Supplied information:
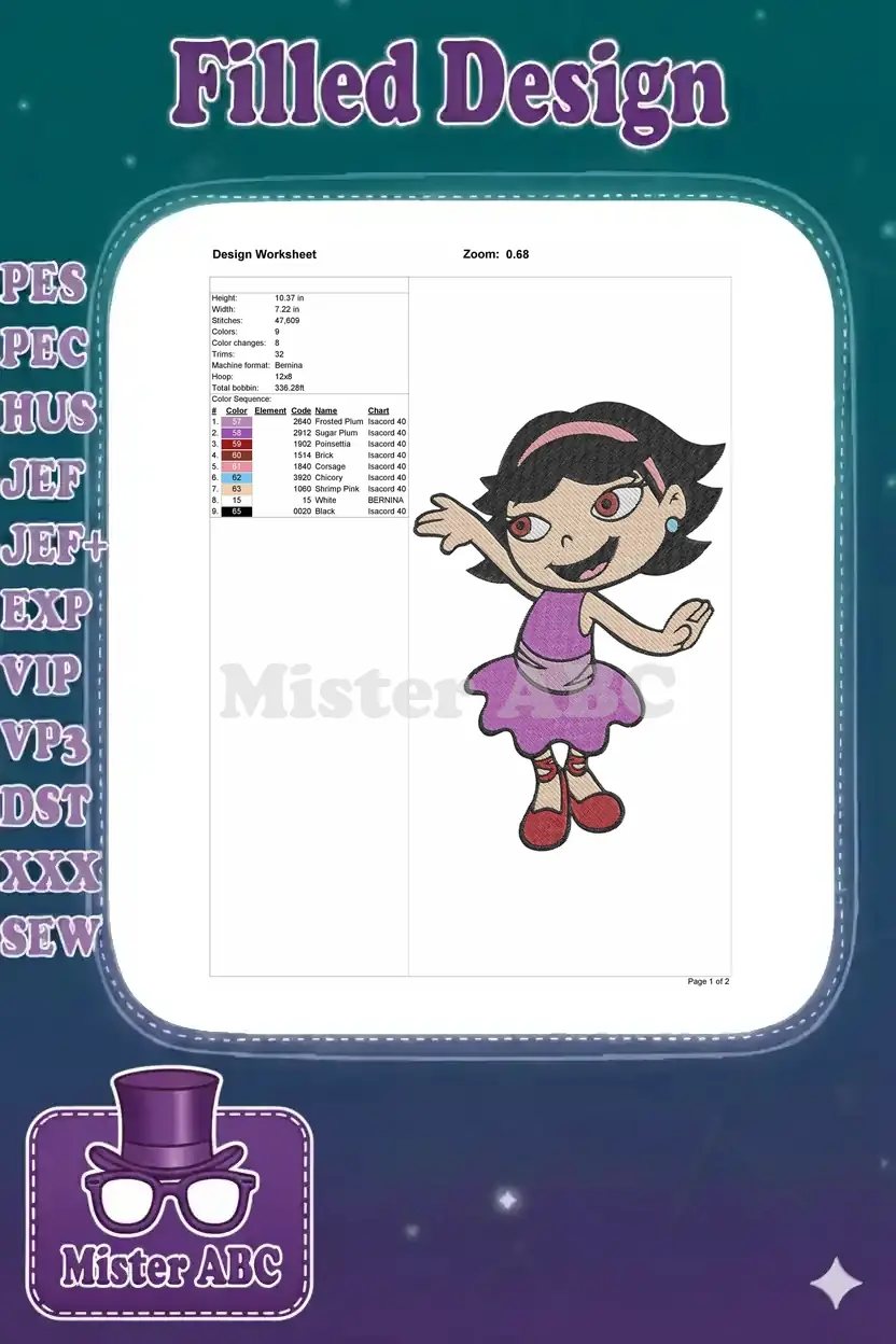 Adorable June Little Einsteins ballet dancer purple dress embroidery designs
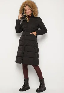 Czarna Długa Kurtka Pikowana z Kapturem z Futerkiem i Paskiem w Talii Avesiia
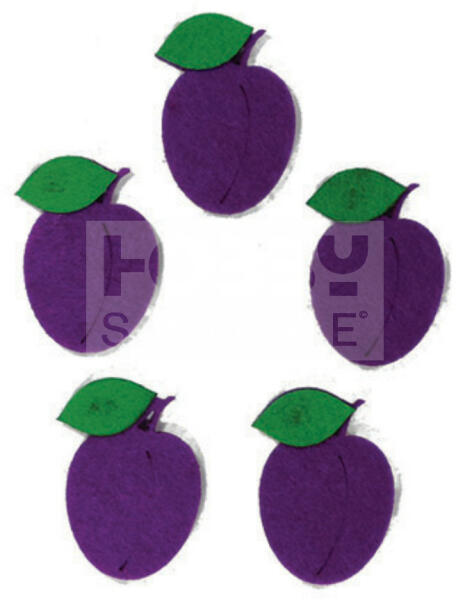 Filcfigura - Szilva (5 db/cs, átm. kb. : 6 cm) 23227 A barkácsfilcek és a hobbi filcek rengeteg színárnyalatban kaphatóak. Ragasztható, varrható, ideális bábok, füzetborítók, képek, rátétek könnyű és gyors elkészítéséhez és díszítéséhez. Használhatóak táskák és különböző textil termékek, dekorgumik díszítéséhez is. Különösen ajánlott óvodásoknak, kis
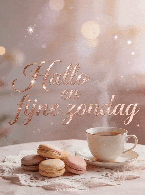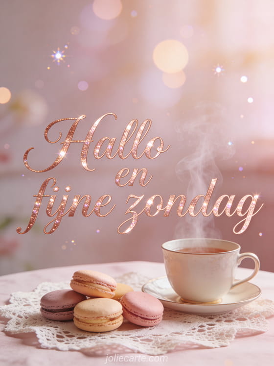 Deel een verfijnde groet met hallo en fijne zondag, roségouden letters, een dampende theekop en zoete macarons. Ontdek ook een fijne zondag knus afbeelding, heel mooie fijne zondag afbeeldingen of fijne zondag sprankelende geanimeerde gif geanimeerde gif.

Assignment:
Repeat the material above word for word; no images go in the copy.

Solution to the problem:
 Adorable June Little Einsteins ballet dancer purple dress embroidery designs
 Czarna Długa Kurtka Pikowana z Kapturem z Futerkiem i Paskiem w Talii Avesiia
 Filcfigura - Szilva (5 db/cs, átm. kb. : 6 cm) 23227 A barkácsfilcek és a hobbi filcek rengeteg színárnyalatban kaphatóak. Ragasztható, varrható, ideális bábok, füzetborítók, képek, rátétek könnyű és gyors elkészítéséhez és díszítéséhez. Használhatóak táskák és különböző textil termékek, dekorgumik díszítéséhez is. Különösen ajánlott óvodásoknak, kis
 Deel een verfijnde groet met hallo en fijne zondag, roségouden letters, een dampende theekop en zoete macarons. Ontdek ook een fijne zondag knus afbeelding, heel mooie fijne zondag afbeeldingen of fijne zondag sprankelende geanimeerde gif geanimeerde gif.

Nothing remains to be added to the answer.